-- Given information --
-- Opening Marker --
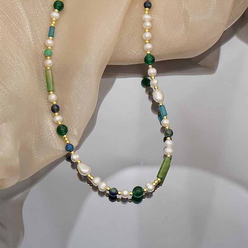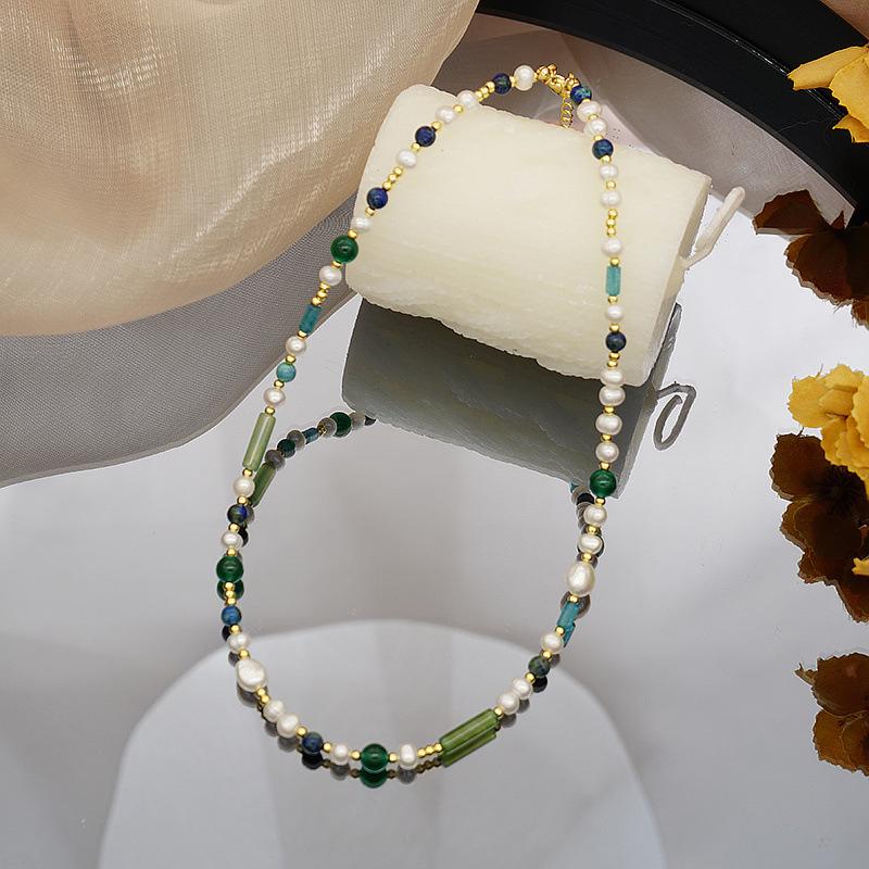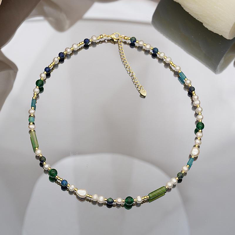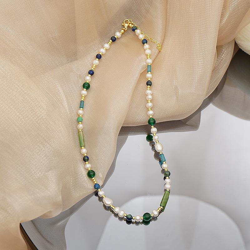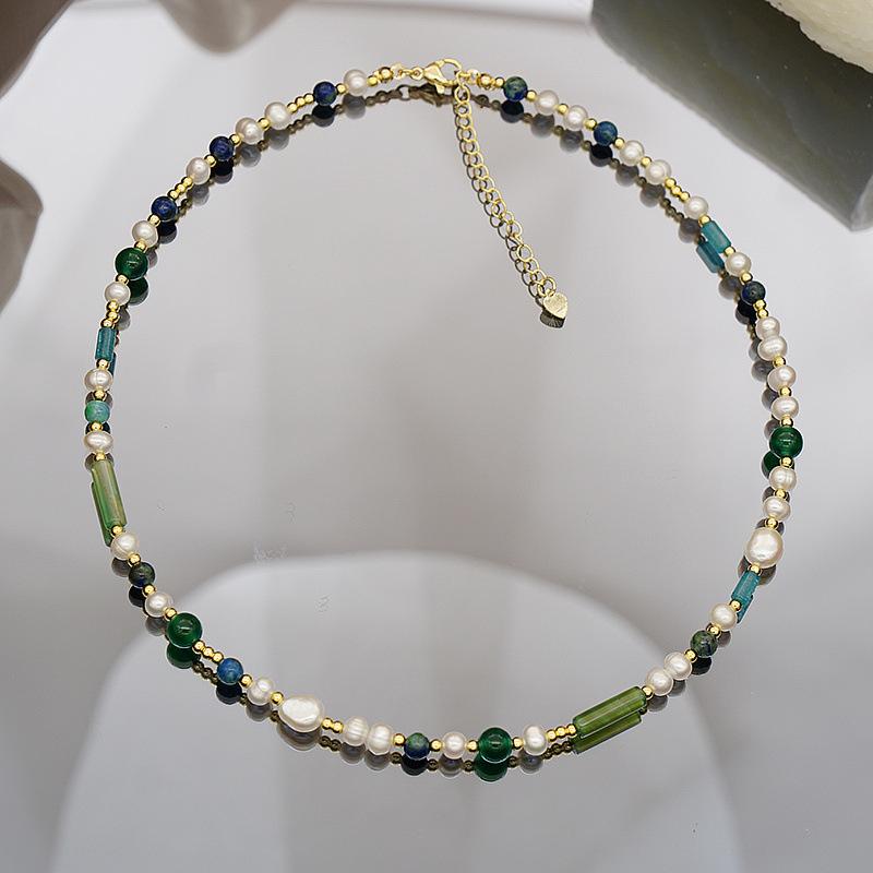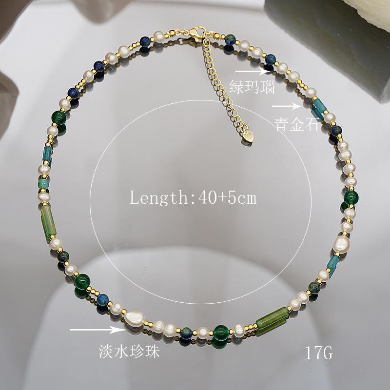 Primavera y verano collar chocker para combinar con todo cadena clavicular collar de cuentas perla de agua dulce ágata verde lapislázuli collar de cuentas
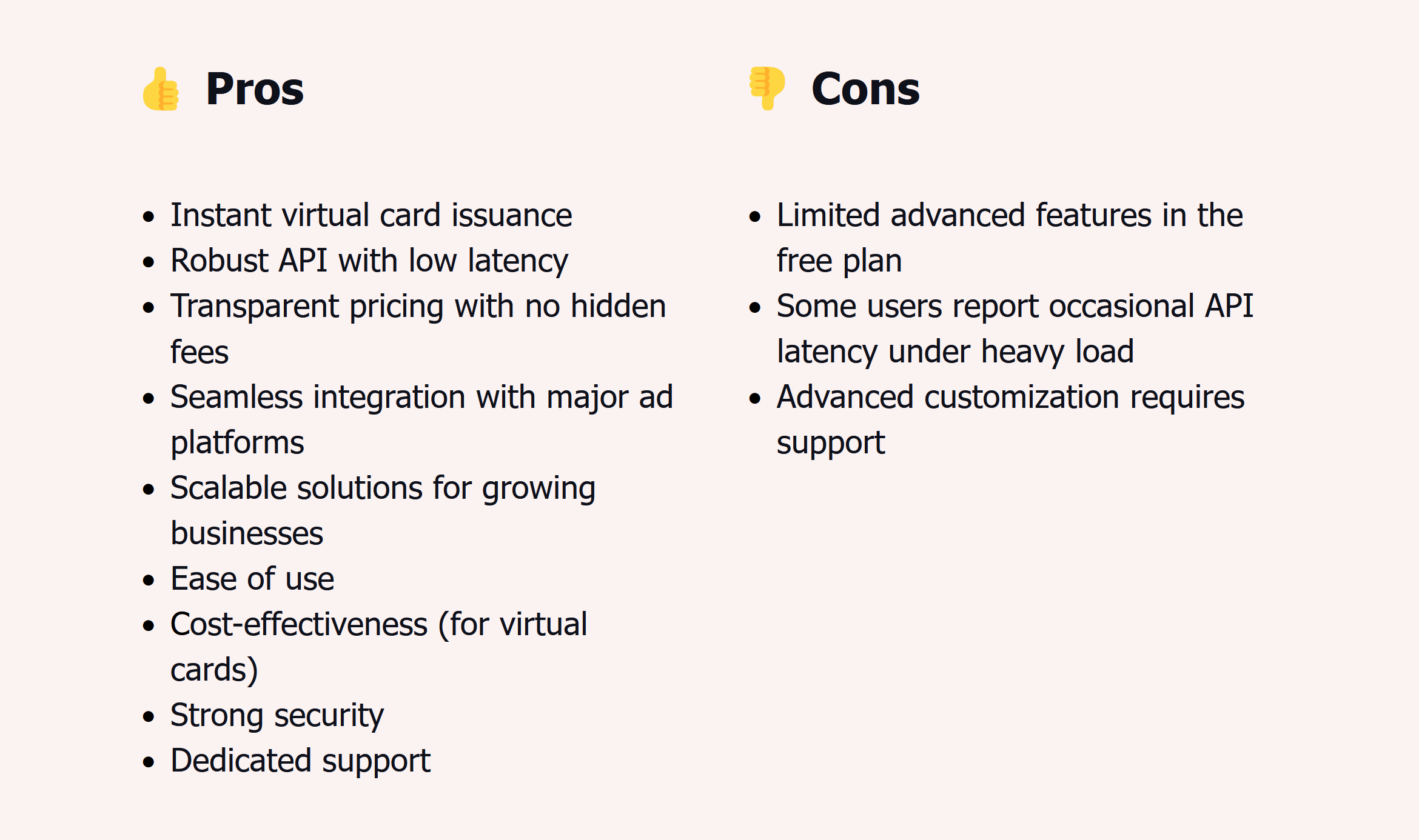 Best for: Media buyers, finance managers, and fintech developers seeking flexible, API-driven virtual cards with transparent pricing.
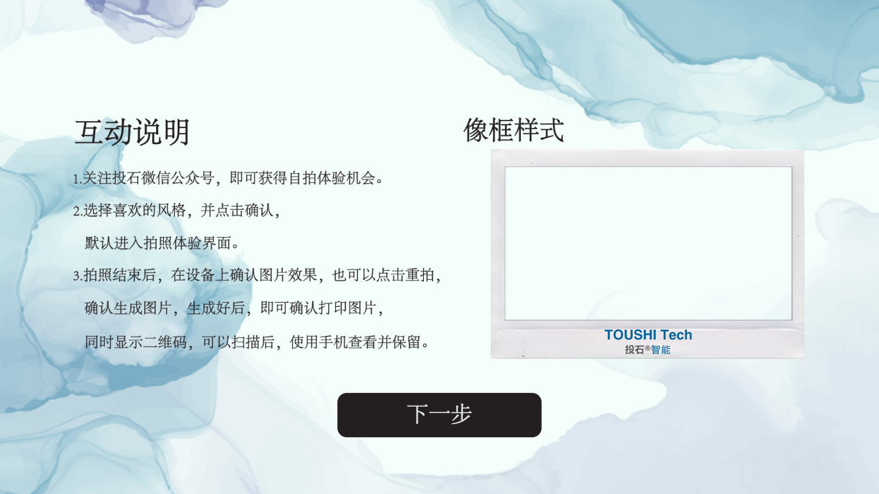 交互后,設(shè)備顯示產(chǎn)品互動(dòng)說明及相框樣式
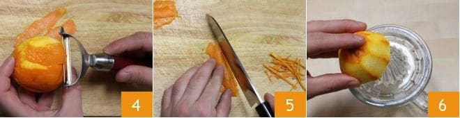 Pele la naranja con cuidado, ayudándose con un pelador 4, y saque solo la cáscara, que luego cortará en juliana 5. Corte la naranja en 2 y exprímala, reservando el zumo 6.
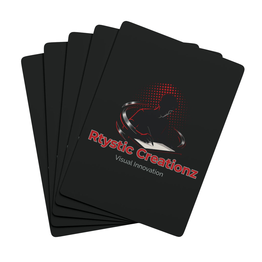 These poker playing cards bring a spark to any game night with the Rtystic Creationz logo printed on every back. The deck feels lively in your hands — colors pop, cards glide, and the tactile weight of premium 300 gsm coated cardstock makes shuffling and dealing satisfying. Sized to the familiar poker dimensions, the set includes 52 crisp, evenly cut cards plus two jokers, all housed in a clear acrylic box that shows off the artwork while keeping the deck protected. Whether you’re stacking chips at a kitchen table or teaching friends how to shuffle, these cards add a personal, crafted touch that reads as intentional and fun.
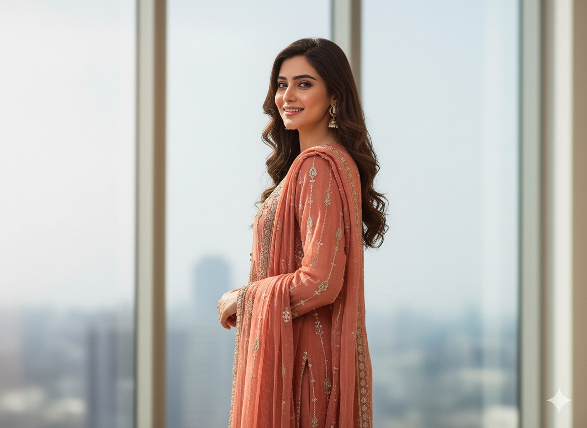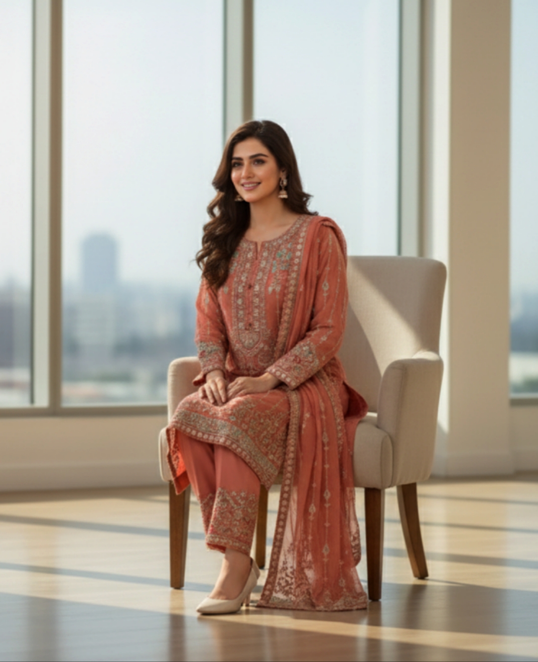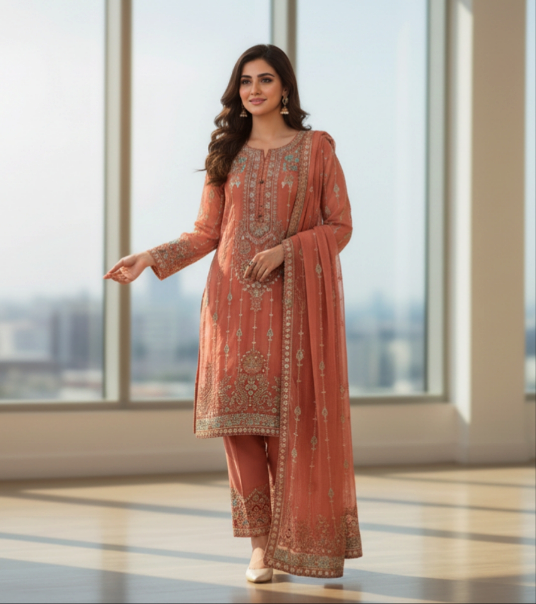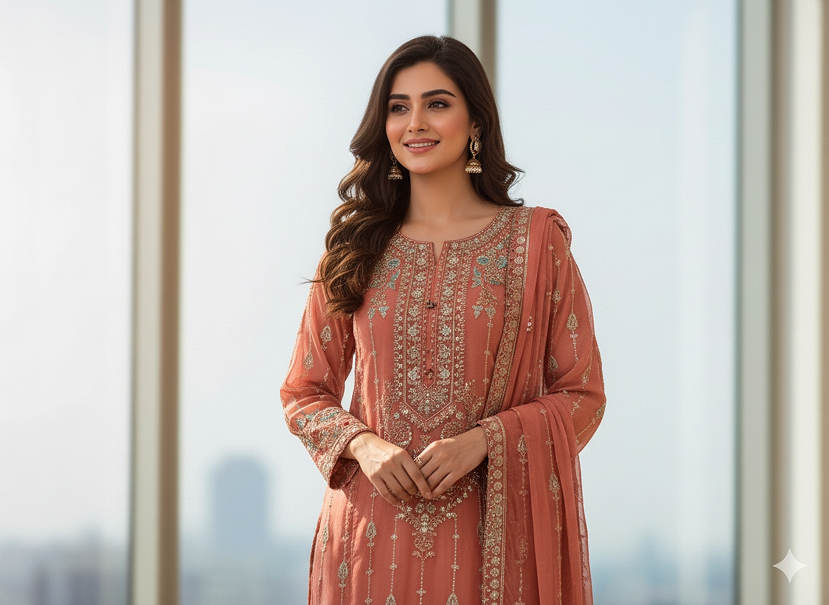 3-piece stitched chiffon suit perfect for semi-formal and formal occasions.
-- Closing Marker --
Line for line, output the entries above from the line with "Best for: Media" to the line with "Pele la naranja", both included, and nothing more. Skip pictures.

-- Task answer --
 Best for: Media buyers, finance managers, and fintech developers seeking flexible, API-driven virtual cards with transparent pricing.
 交互后,設(shè)備顯示產(chǎn)品互動(dòng)說明及相框樣式
 Pele la naranja con cuidado, ayudándose con un pelador 4, y saque solo la cáscara, que luego cortará en juliana 5. Corte la naranja en 2 y exprímala, reservando el zumo 6.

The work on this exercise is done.